When you reproduce the data, keep every word exactly as it stands and leave the pictures out.
───── Information shown
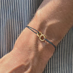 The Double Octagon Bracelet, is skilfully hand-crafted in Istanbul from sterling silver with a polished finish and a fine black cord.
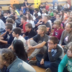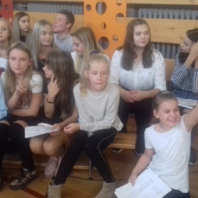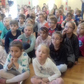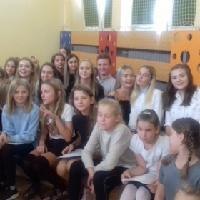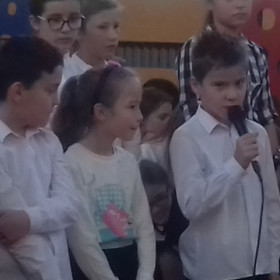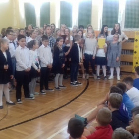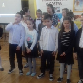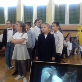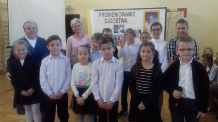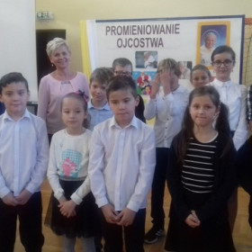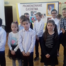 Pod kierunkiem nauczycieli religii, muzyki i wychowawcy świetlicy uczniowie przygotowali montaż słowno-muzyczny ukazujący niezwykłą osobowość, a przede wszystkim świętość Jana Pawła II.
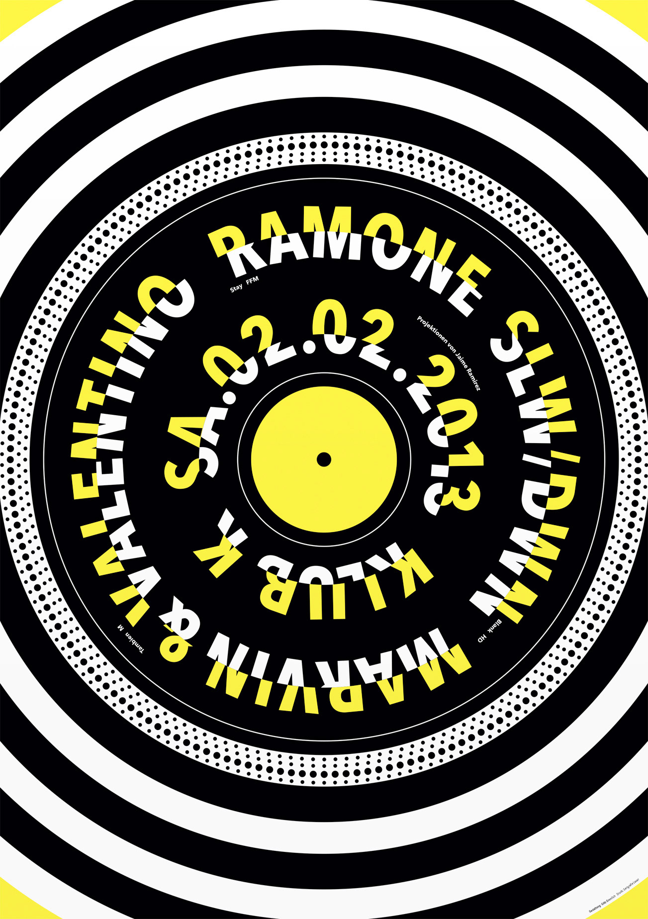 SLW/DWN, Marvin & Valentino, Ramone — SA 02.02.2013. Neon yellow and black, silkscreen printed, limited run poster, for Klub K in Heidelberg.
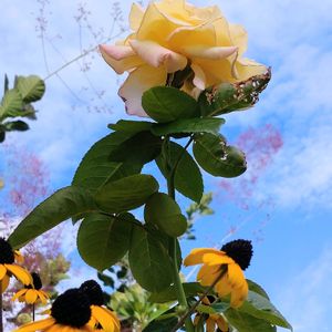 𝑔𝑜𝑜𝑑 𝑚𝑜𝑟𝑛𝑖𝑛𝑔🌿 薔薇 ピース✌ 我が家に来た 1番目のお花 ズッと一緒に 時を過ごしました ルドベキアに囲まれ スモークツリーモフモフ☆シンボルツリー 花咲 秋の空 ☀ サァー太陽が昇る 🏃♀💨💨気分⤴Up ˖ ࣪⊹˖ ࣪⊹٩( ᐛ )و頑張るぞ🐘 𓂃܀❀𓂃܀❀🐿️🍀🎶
──────────
- **Task solution**:
 The Double Octagon Bracelet, is skilfully hand-crafted in Istanbul from sterling silver with a polished finish and a fine black cord.
 Pod kierunkiem nauczycieli religii, muzyki i wychowawcy świetlicy uczniowie przygotowali montaż słowno-muzyczny ukazujący niezwykłą osobowość, a przede wszystkim świętość Jana Pawła II.
 SLW/DWN, Marvin & Valentino, Ramone — SA 02.02.2013. Neon yellow and black, silkscreen printed, limited run poster, for Klub K in Heidelberg.
 𝑔𝑜𝑜𝑑 𝑚𝑜𝑟𝑛𝑖𝑛𝑔🌿 薔薇 ピース✌ 我が家に来た 1番目のお花 ズッと一緒に 時を過ごしました ルドベキアに囲まれ スモークツリーモフモフ☆シンボルツリー 花咲 秋の空 ☀ サァー太陽が昇る 🏃♀💨💨気分⤴Up ˖ ࣪⊹˖ ࣪⊹٩( ᐛ )و頑張るぞ🐘 𓂃܀❀𓂃܀❀🐿️🍀🎶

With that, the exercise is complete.